Kernel introduces AI for crop condition assessment
The company Kernel applies artificial intelligence (AI) to assess the density and quality of crops in photos taken from a drone. The company says that the algorithms have already been tested and the full-scale implementation in Kernel agricultural production is planned for the current season.
Kernel IT Director Andriy Pishyy marks that the use of modern technologies in the company's agribusiness, including automation and integrated implementation of precision farming systems, enables Kernel to accumulate data on the fields and technical operations performed, etc.
"Satellite images, drone photos, and ground survey data are processed and stored in the company's IT infrastructure. Their application involves the development of algorithms to carry out in-depth, objective and at the same time real-time analysis of the field to solve complex agricultural production problems and make effective business decisions," he comments.
For this purpose, Kernel established the Data Science department in the IT department, Andriy Pishyy adds.

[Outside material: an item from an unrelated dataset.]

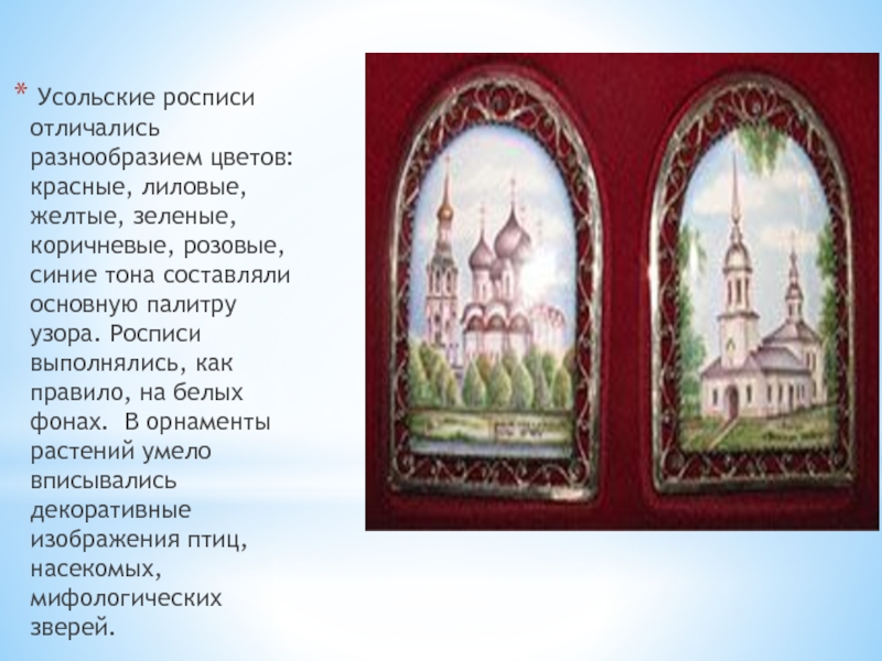 Усольские росписи отличались разнообразием цветов: красные, лиловые, желтые, зеленые, коричневые,

Over the year, the Data Science specialists added new software products to Kernel's #DigitalAgriBusiness information ecosystem. The first thing they did was to integrate a model for counting grains in a corn cob and seeds in a sunflower head into the agronomist's personal application. In addition, they have elaborated a model for assessing the quality of seeding with drone photos.

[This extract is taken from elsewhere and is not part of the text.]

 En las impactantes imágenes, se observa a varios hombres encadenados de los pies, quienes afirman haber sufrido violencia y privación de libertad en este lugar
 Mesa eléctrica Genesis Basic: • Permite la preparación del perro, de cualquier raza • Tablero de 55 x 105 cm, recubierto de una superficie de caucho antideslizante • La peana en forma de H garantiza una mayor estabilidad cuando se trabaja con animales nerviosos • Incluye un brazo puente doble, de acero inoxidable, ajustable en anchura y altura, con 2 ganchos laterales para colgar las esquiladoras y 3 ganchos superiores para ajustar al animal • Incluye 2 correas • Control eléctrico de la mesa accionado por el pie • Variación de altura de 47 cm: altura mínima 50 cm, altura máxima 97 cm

Kernel's Deputy Agribusiness Director for Innovation and Digital Development Evgenii Sapizhenko emphasizes that Machine Learning, Deep Neural Network and other methods have been used to develop the algorithms. The company is committed to sharing this tool with Open Agribusiness partners and distributing it on a commercial basis, he notes.
Tests in the company's clusters have shown a good result, with an average error value of 2% being recorded. According to Kernel, the model test run is already significantly more accurate than manual field counts using existing practices.